In less than a minute, the older nobles gathered into tight circles, sipping cocktails and complaining about Commonplace, or fuming about how well their rivals’ Ilaquan stocks were doing. Ilaqua’s GDP had eclipsed the Principality’s this quarter for the first time in history, and people weren’t happy about that.
More than half of the guests were Paragon students, though. But they had made tight circles too, muttering about professors and squad rankings and exams. Others convened in adjacent, smaller parlors, filling them up with tobacco smoke.
It reminded me of the other servants at Clementine’s house. Setting a hard boundary. Pushing people out.
And I was easy to push out. Lorne had given me a grey suit, the same color as my uniform, but everyone else wore in blue, or black, or white. The only others in grey were the servants.
So I hovered to the side, glancing around with a busy, focused expression, so it looked like I was alone on purpose, avoiding the towering plates of appetizers and pastries, declining offers of white wine or cocktails. This was just a temporary body. I didn’t want to taste anything until I’d earned it. And I’d lost all my appetite.
After half an hour of discomfort, Lorne approached me, and I found out why he’d dragged me here.

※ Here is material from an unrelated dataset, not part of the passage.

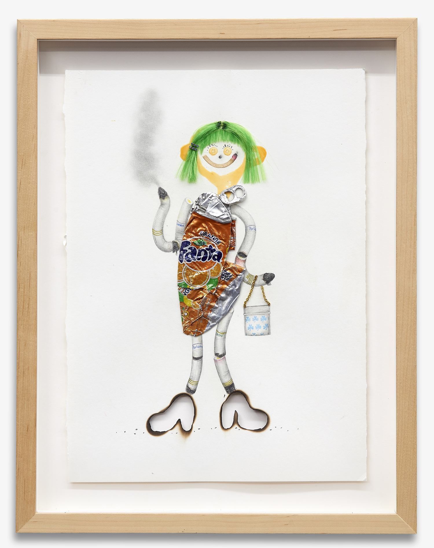 Aurel Schmidt, Drug Voodoo (Fanta), 2019. Color pencil, pencil, acrylic, crushed Fanta can, wig hair, Swarovski Crystals, metal, archival glue, burn holes on paper, 15.5 x 11 inches, 39 x 28 cm

He pulled me in front of a tall woman in a shimmering blue gown, made from thousands of tiny scales, like the skin of a fish. Her wavy maroon hair had been tied back in a bun, and she smiled at me.
Isabelle Corbin. The Symphony Knight. The Scholar of Music.
And Lorne Daventry’s mother. A common-born Guardian who had refused to give her surname up to the noble she married.
She shook my hand. “Isabelle Corbin,” she said. “Wonderful to meet you. Wonderful.” Though she made eye contact with me, she seemed to almost be looking past me, like she was straining to see something behind me.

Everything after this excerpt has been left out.